En poursuivant votre navigation sur ce site, vous acceptez l'utilisation de cookies. Ces derniers assurent le bon fonctionnement de nos services. En savoir plus.

11/12/2019

Parole et communication : "A quoi bon encore des poètes ?", de Christian Prigent, P.O.L., mars 1996

Nous sommes des êtres parlants. Le parlant n'est pas seulement le communiquant. La parole, ce n'est pas que ce bruitage qui sous-titre d'un murmure anodin l'arrogance des images. Parler, ça n'est pas qu'échanger des informations dans un espéranto cathodique monomane où la complexité des pensées et l'obscure violence du monde s'estompent dans des clichés infiniment repris et désespérément interchangeables. Je dirais que le "travail de la langue" que continue imperturbablement à produire la poésie est d'abord un rappel discret de ces vérités.

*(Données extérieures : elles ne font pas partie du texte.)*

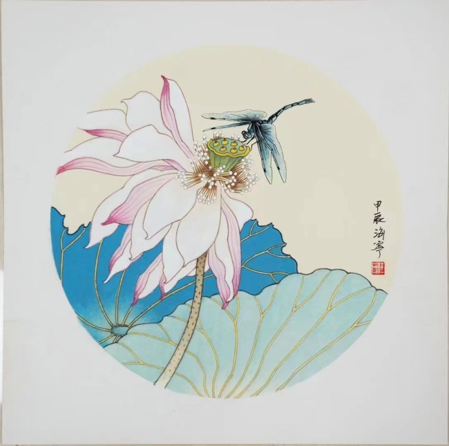 而任海宁主席为我们带来的作品也别具一格,是现场创作中唯一的一幅工笔画,也是她最拿手的。画中一朵盛开的荷花,粉色的花瓣迎风绽放,碧玉雕琢的莲蓬里结满金豆子般的莲子,个个饱满得已经要胀出来,一只墨蓝色的蜻蜓呼扇着翅膀轻轻立于其上。任海宁说荷花用来比喻女人最贴切:“出淤泥而不染,濯清涟而不妖。中通外直,不蔓不枝。”这就是她心中女性的形象,女性的品格。
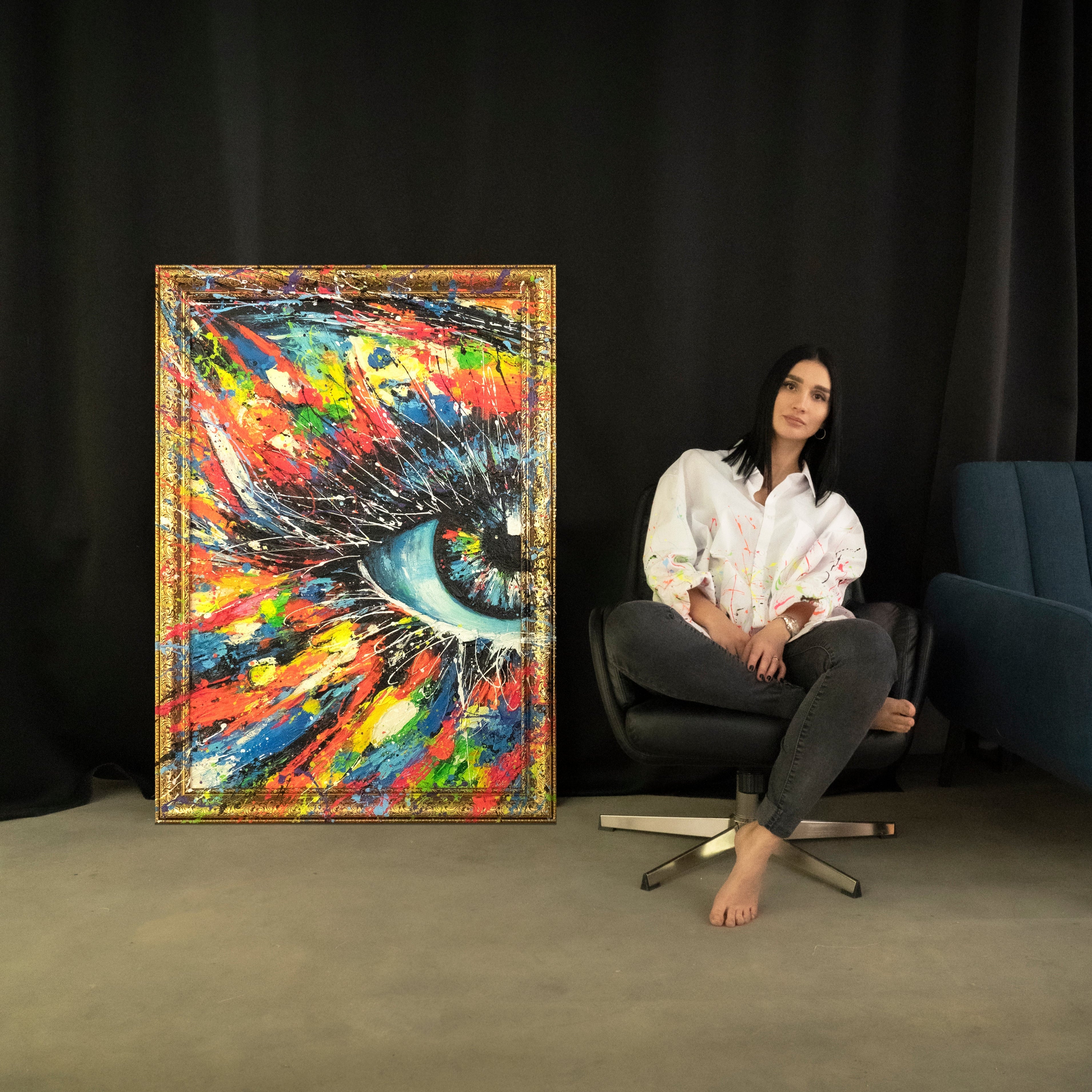 Abstract art painting with frame “The energy of the gaze”
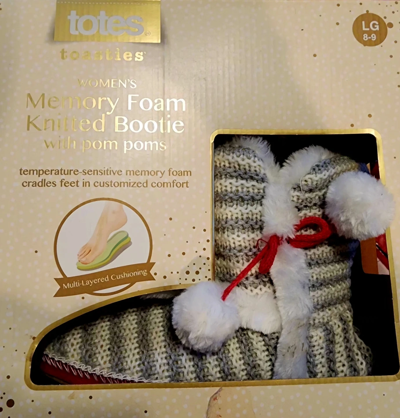 Women's Totes Toasties memory foam knitted bootie slippers. Feature pom poms and temperature-sensitive memory foam for comfort. Multi-layered cushioning.
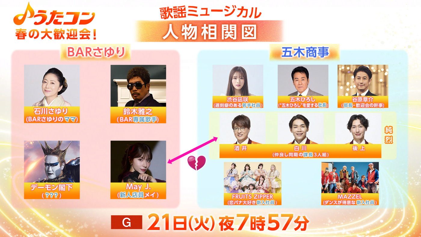 劇中、2025年に『紅白』初出場のFRUITS ZIPPER(新入社員)、8人組ボーイズダンスボーカルグループ・MAZZEL(新入社員)の最新曲は、うたコンだけのスペシャルな共演で届ける。
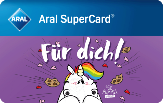 Die Aral SuperCard in der flauschigen Pummeleinhorn-Edition! Einlösbar für Aral Kraft- und Schmierstoffe, Shopware, Autowäschen und im PetitBistro. Deutschlandweit an allen Aral Tankstellen gültig.
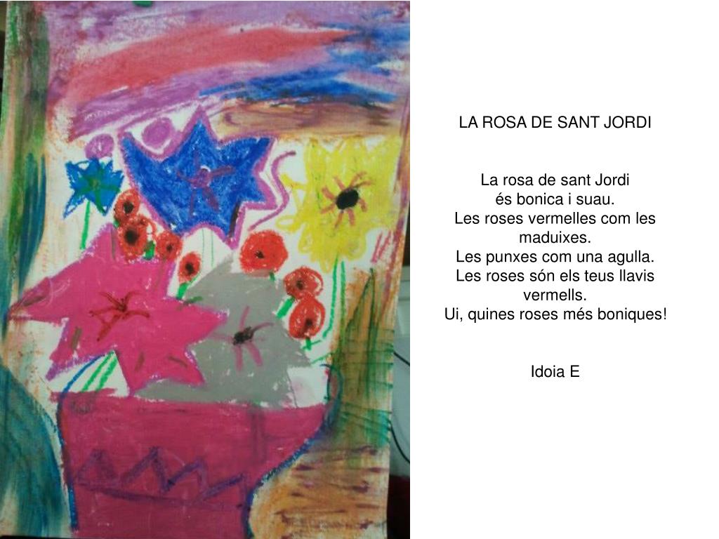 LA ROSA DE SANT JORDILa rosa de sant Jordiés bonica i suau.Les roses vermelles com les maduixes.Les punxes com una agulla.Les roses són els teus llavis vermells.Ui, quines roses més boniques!Idoia E
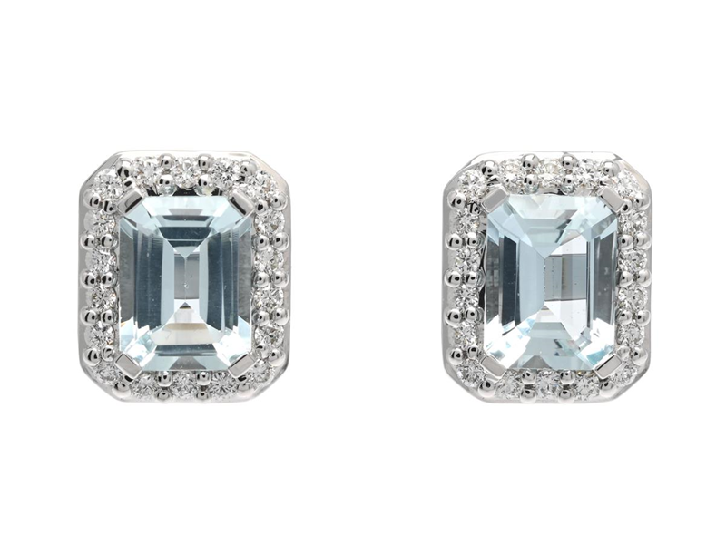 EARRINGS, 18K white gold, octagonal faceted aquamarines approx. 2,75 ctw, 36 brilliant cut diamonds approx. 0,42 ctw, approx. TW/VS, pushback, measurements 12,0 x 10,0 mm, weight 4,7 g.
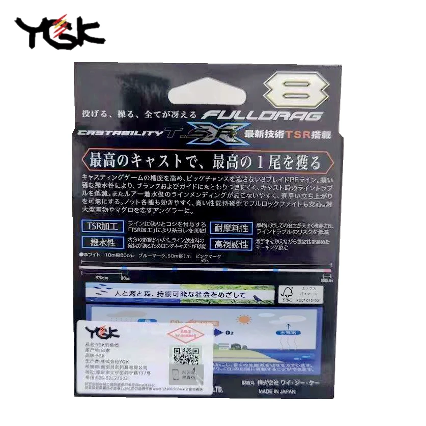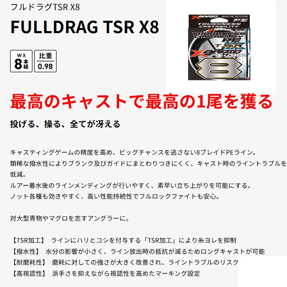 Línea de pesca Original YGK X-BRAID FULLDRAG TSR X8, 100m/300m/1200m, línea de PE 60LB/70LB/90LB/100LB/180LB, línea de pesca de mar japonesa
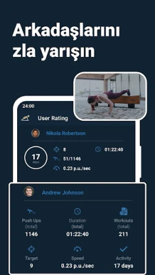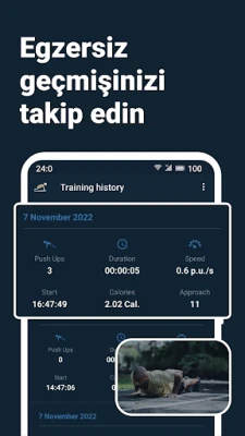 Egzersiz yolculuğunuzda en büyük destekçiniz olacak bu dijital asistan, her şınavınızı akıllıca takip eder. Telefonunuzu göğüs hizasında yere konumlandırdığınızda, entegre yakınlık sensörü sayesinde şınavlarınız otomatik olarak sayılır, böylece tek odak noktanız egzersiziniz olur. Dilerseniz, antrenman verilerinizi manuel olarak da girebilirsiniz. Dahili profesyonel koçluk özelliği ile her gün değişen zorluk seviyelerinde, tamamen size uygun antrenman planlarına erişirsiniz; uygulama, güncel performansınıza göre en ideal seviyeyi sizin için belirler. Ayrıca, yakılan kaloriler, şınav hızı ve toplam egzersiz süresi gibi önemli metrikleri detaylıca hesaplayarak performansınızı objektif bir şekilde değerlendirir.

C'est aussi une protestation, certes confinée dans les catacombes de la société du Spectacle, mais passionnée et têtue, contre la réduction de la dimension linguistique à celle de la "communication". Ce travail pose des témoins : les témoins d'une récusation du pâle idiome planétaire qui s'est voué à la répétition du même et qui s'appauvrit à mesure qu'il recherche le plus grand dénominateur commun possible. Il peut alors peut-être s'entendre plus généralement comme une forme de résistance à la dévotion aliénée aux "images" (à la subtilisation du "réel" dans "l'image") qui est sans doute la marque propre de notre modèle culturel. La poésie est un iconoclasme.


Christian Prigent

*

C'est Paul Valéry qui définissait la poésie comme "un effort au style". J'ajouterais aux propos de Christian Prigent qu'à mon sens c'est la notion même d'effort, dans ce qui touche à l'esprit et à ses dérivés littéraires en particulier, qui va s'affaiblissant dans la partie la plus exposée de la Littérature, pour tout dire la mieux vendable. Où le critère de qualité est progressivement happé par des courants médiatiques venus interférer avec le processus créatif lui-même, l'orientant et le subordonnant (Houellebecq, Nothomb... en sont des exemples types). La réflexivité de cette "communication" (au lieu de sa transitivité) agit comme un acide attaquant le monde des Lettres dans leur portée et la notion de message, de transmission.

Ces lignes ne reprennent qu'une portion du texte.